--- GIVEN DATA Enclosed Below ---
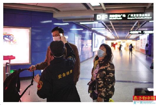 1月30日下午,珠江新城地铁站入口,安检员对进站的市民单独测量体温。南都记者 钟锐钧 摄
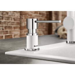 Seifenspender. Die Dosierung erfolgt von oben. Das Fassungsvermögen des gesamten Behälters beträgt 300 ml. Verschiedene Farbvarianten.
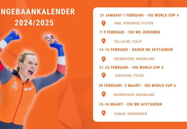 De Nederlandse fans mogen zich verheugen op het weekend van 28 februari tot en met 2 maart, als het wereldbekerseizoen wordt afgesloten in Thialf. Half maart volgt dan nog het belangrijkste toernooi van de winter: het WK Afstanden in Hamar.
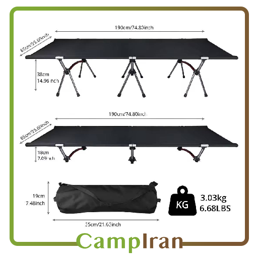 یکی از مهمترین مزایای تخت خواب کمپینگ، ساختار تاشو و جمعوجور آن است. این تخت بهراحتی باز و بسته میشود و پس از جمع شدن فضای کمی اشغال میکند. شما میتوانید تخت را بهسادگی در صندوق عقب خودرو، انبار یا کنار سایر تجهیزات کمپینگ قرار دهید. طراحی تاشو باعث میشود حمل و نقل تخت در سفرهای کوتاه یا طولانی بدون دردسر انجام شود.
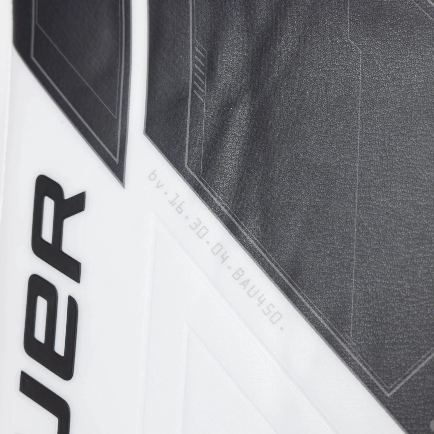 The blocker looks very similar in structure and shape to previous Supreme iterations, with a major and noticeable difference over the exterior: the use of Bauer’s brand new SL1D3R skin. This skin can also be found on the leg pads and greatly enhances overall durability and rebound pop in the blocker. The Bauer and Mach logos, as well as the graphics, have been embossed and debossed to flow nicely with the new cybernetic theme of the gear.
--- End of Enclosed GIVEN DATA ---
Say again, word for word, the lines beginning at the top of the data and ending with the line that has "یکی از مهمترین". Skip the pictures.

RESPONSE AREA »
 1月30日下午,珠江新城地铁站入口,安检员对进站的市民单独测量体温。南都记者 钟锐钧 摄
 Seifenspender. Die Dosierung erfolgt von oben. Das Fassungsvermögen des gesamten Behälters beträgt 300 ml. Verschiedene Farbvarianten.
 De Nederlandse fans mogen zich verheugen op het weekend van 28 februari tot en met 2 maart, als het wereldbekerseizoen wordt afgesloten in Thialf. Half maart volgt dan nog het belangrijkste toernooi van de winter: het WK Afstanden in Hamar.
 یکی از مهمترین مزایای تخت خواب کمپینگ، ساختار تاشو و جمعوجور آن است. این تخت بهراحتی باز و بسته میشود و پس از جمع شدن فضای کمی اشغال میکند. شما میتوانید تخت را بهسادگی در صندوق عقب خودرو، انبار یا کنار سایر تجهیزات کمپینگ قرار دهید. طراحی تاشو باعث میشود حمل و نقل تخت در سفرهای کوتاه یا طولانی بدون دردسر انجام شود.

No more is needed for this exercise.